Visiting a directed graph as if it were an undirected one, using a recursive query provides a solution in postgresql. We are required to use Oracle11g.

Example

Edges

A-B, B-D, C-A, C-E, C-F, H-F, E-B, G-D, G-I

Graphical

    A
  /   \
C - E - B - D
  \       /
H - F   G - I

DDL and DML

CREATE TABLE EDGE (
  FROM_ID VARCHAR(10),
  TO_ID   VARCHAR(10)
);

INSERT INTO EDGE VALUES ('A', 'B');
INSERT INTO EDGE VALUES ('E', 'B');
INSERT INTO EDGE VALUES ('C', 'E');
INSERT INTO EDGE VALUES ('C', 'A');
INSERT INTO EDGE VALUES ('C', 'F');
INSERT INTO EDGE VALUES ('B', 'D');
INSERT INTO EDGE VALUES ('G', 'D');
INSERT INTO EDGE VALUES ('H', 'F');
INSERT INTO EDGE VALUES ('G', 'I');

Input

nodes: 'A'

Required Output

C   A
C   E
C   F
H   F
A   B
E   B
B   D
G   D
G   I

Current Solution

Our current solution returns exactly what we need, but as mentioned above each additional loop increases the execution time exponentially.

SELECT
  c.LVL,
  c.FROM_ID,
  c.TO_ID,
  CASE
  WHEN lag(C.TO_ID)
       OVER (
         PARTITION BY C.LVL
         ORDER BY C.LVL, C.TO_ID ) = C.TO_ID
    THEN C.LVL || '-' || C.TO_ID
  WHEN lead(C.TO_ID)
       OVER (
         PARTITION BY C.LVL
         ORDER BY C.LVL, C.TO_ID ) = C.TO_ID
    THEN C.LVL || '-' || C.TO_ID
  ELSE C.LVL || '-' || C.FROM_ID
  END GROUP_ID
FROM (
       WITH chain(LVL, FROM_ID, TO_ID ) AS (
         SELECT
           1            LVL,
           root.FROM_ID FROM_ID,
           root.TO_ID   TO_ID
         FROM EDGE root
         WHERE root.TO_ID IN (:nodes)
               OR (root.FROM_ID IN (:nodes) AND NOT EXISTS(
             SELECT *
             FROM EDGE
             WHERE TO_ID IN (:nodes)
         ))
         UNION ALL
         SELECT
           LVL +
           CASE
           WHEN previous.TO_ID = the_next.FROM_ID
             THEN 1
           WHEN previous.TO_ID = the_next.TO_ID
             THEN 0
           WHEN previous.FROM_ID = the_next.FROM_ID
             THEN 0
           ELSE -1
           END              LVL,
           the_next.FROM_ID FROM_ID,
           the_next.TO_ID   TO_ID
         FROM EDGE the_next
           JOIN chain previous ON previous.TO_ID = the_next.FROM_ID
                                  OR the_next.TO_ID = previous.FROM_ID
                                  OR (previous.TO_ID = the_next.TO_ID AND previous.FROM_ID <> the_next.FROM_ID)
                                  OR (previous.TO_ID <> the_next.TO_ID AND previous.FROM_ID = the_next.FROM_ID)
       )
         SEARCH BREADTH FIRST BY FROM_ID SET ORDER_ID
         CYCLE FROM_ID, TO_ID SET CYCLE TO 1 DEFAULT 0
       SELECT
         C.*,
         row_number()
         OVER (
           PARTITION BY LVL, FROM_ID, TO_ID
           ORDER BY ORDER_ID ) rank
       FROM chain C
       ORDER BY LVL, FROM_ID, TO_ID
     ) C
WHERE C.rank = 1;
like image 910
Bart Gerard Avatar asked Jun 28 '17 09:06

Bart Gerard


1 Answers

For keeping the traversing algorithm out of returning to already visited edges, one can indeed keep the visited edges somewhere. As you already found out, you won't get much of a success with a string concatenation. However, there are other usable "value concatenation" techniques available...

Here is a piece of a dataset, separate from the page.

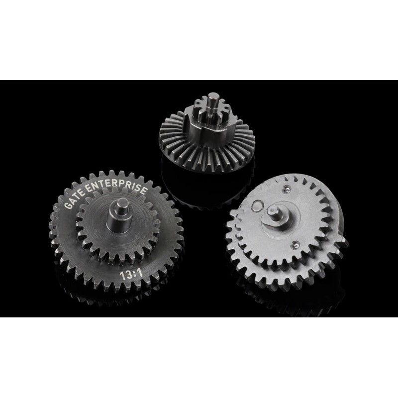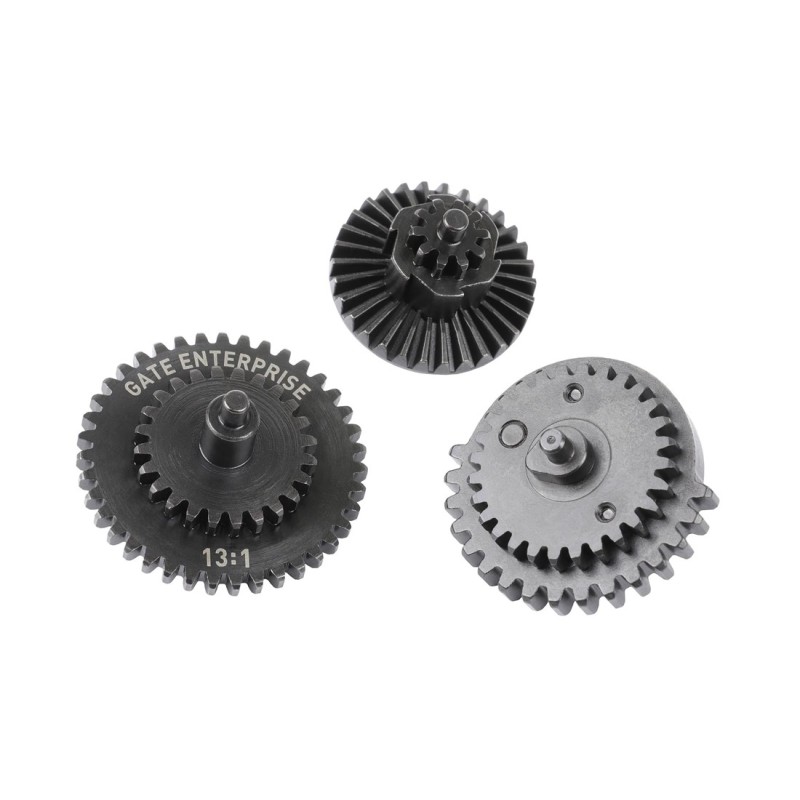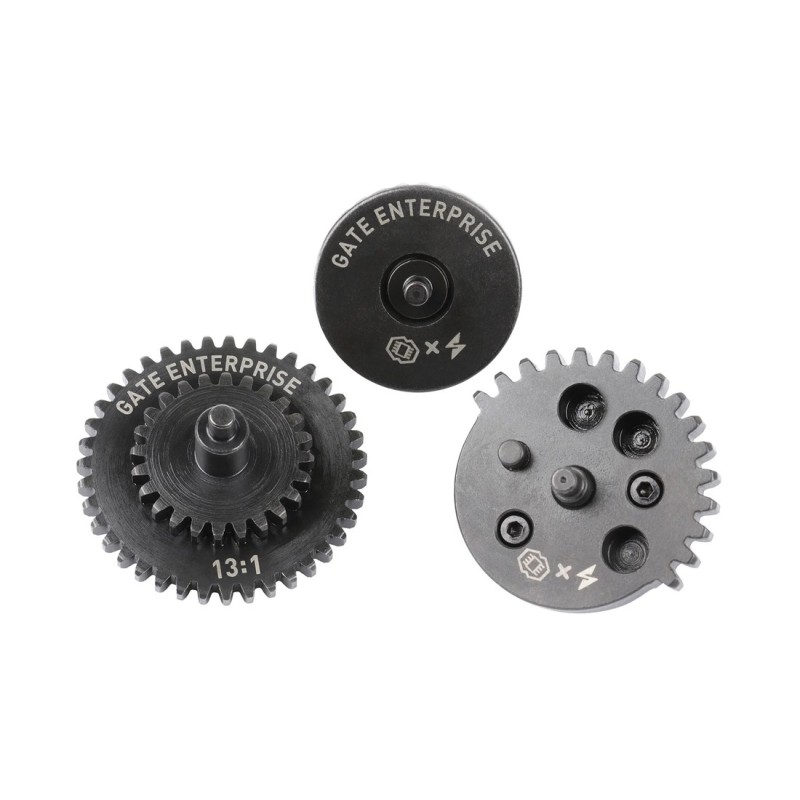 Set de engranajes CNC 13:1 en acero, compatible con muelles M160 (semi) y M140 (full), posicionamiento preciso del pin de tappet plate para mejor sellado.

You have to have one handy schema-level collection of scalars at your disposal:

create or replace type arr_strings is table of varchar2(64);

And then you can collect the visited edges to that collection in each iteration:

with nondirected$ as (
    select from_id, to_id, from_id||'-'||to_id as edge_desc
    from edge
    where from_id != to_id
    union all
    select to_id, from_id, from_id||'-'||to_id as edge_desc
    from edge
    where (to_id, from_id) not in (
            select from_id, to_id
            from edge
        )
),
graph$(lvl, from_id, to_id, edge_desc, visited_edges) as (
    select 1, from_id, to_id, edge_desc,
        arr_strings(edge_desc)
    from nondirected$ R
    where from_id in (&nodes)
    --
    union all
    --
    select
        lvl+1,
        Y.from_id, Y.to_id, Y.edge_desc,
        X.visited_edges multiset union arr_strings(Y.edge_desc)
    from graph$ X
        join nondirected$ Y
            on Y.from_id = X.to_id
    where not exists (
            select 1
            from table(X.visited_edges) Z
            where Y.edge_desc = Z.column_value
        )
)
search breadth first by edge_desc set order_id
    cycle edge_desc set is_cycle to 1 default 0,
ranked_graph$ as (
    select C.*,
        row_number() over (partition by edge_desc order by lvl, order_id) as rank$
    from graph$ C
--    where is_cycle = 0
)
select *
from ranked_graph$
--where rank$ <= 1
order by lvl, order_id
;

Notes

  1. I pre-processed the directed graph to a nondirected one by union-ing a set of reverse edges to the input. That should make the recursive traversal predicates easier to read. Solely for my purposes of easier reading+writing of the SQL. You don't have to do that, of course.
  2. I remember trying something like this a few years ago on Oracle 11.2. And I remember that it was failing, though I don't remember why. On 12.2, it ran OK. Just give it a try on 11g, too; I don't have one available.
  3. Since each iteration does, in addition to the traversal inner join, also an anti-join, I sincerely doubt that this is going to be more performant. However, it for sure solves the problem of lowering the number of recursive nestings.
  4. You'll have to resolve the desired ordering on your own, as you probably understood from my comments. :-)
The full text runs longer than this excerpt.